Amazon Posts Its Best Thanksgiving Week Ever, Setting Records for Sales and Items Sold

Ethan
6 Min Read

Amazon says it had best-ever Thanksgiving holiday week with record sales and items sold

Amazon said it set new company records during the Thanksgiving-to-Cyber Monday stretch, reporting its best-ever holiday week by both total sales and number of items sold. The company credited deep seasonal discounts, faster delivery options, and strong demand across its marketplace for the performance, while declining to disclose specific revenue figures or growth rates.

The results underscore the ongoing strength of e-commerce during the U.S. holiday shopping season and suggest consumers remained responsive to promotions despite lingering concerns about inflation and household budgets.

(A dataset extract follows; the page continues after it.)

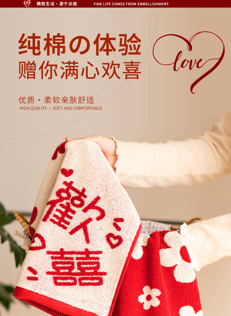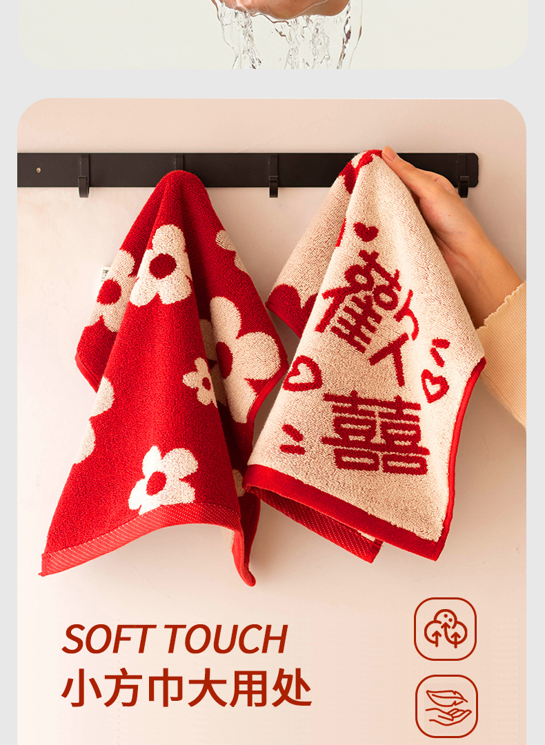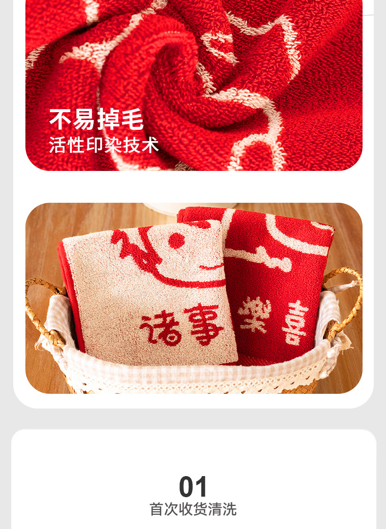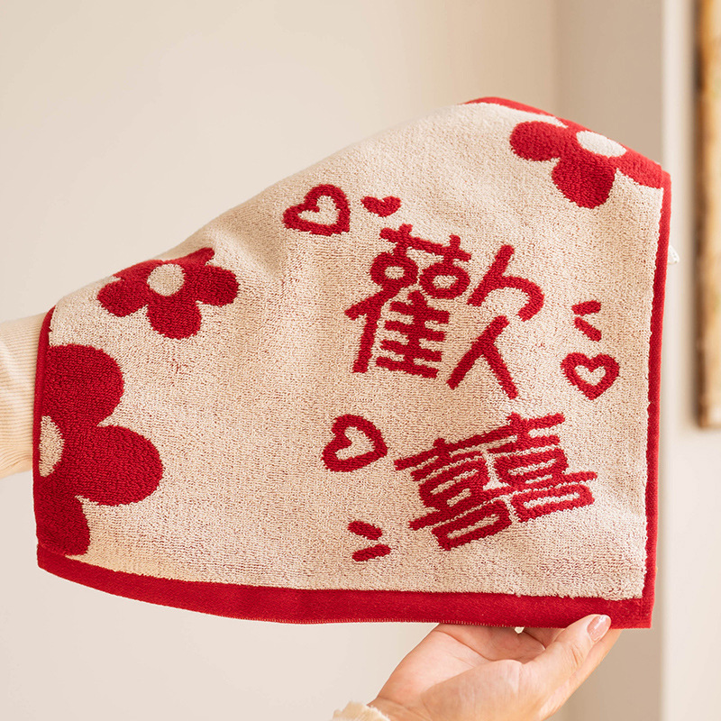 빨간색 '합'자 타올, 결혼 축하용, 결혼식, 가정용, 기념품, 여성용, 혼수 선물, 신랑 신부 선물, 커플 손수건

Amazon said customers shopped heavily throughout the entire week rather than concentrating purchases on a single day, a pattern that has become more pronounced as retailers launch deals earlier and keep them running longer.

Amazon highlighted broad-based demand across categories that historically lead the season, including electronics, toys, home and kitchen, beauty, apparel, and gift cards. The company also pointed to robust sales of its own devices and services, saying interest in smart home products, streaming devices, and e-readers was particularly strong. While it did not provide a breakdown by category, Amazon said many of its top-selling items came from small and medium-sized businesses selling through its marketplace.

Third-party sellers—an increasingly important contributor to Amazon’s profitability—were once again a focal point. The company said independent merchants recorded record unit sales and that its promotional programs helped drive traffic to smaller brands throughout the week. Marketplace sales typically carry higher margins for Amazon than first-party retail because the company collects fees and advertising revenue without taking on inventory risk at the same scale.

Logistics and delivery were also central to the company’s message. Amazon said its expanded same-day and one-day delivery network enabled it to keep pace with peak order volumes while meeting tighter shipping expectations. The retailer has been reconfiguring its U.S. fulfillment footprint into more localized regions to shorten delivery routes and reduce costs, a shift executives have said should improve both customer experience and margins. During the holiday week, the company emphasized reliable delivery estimates and free returns as key conversion drivers.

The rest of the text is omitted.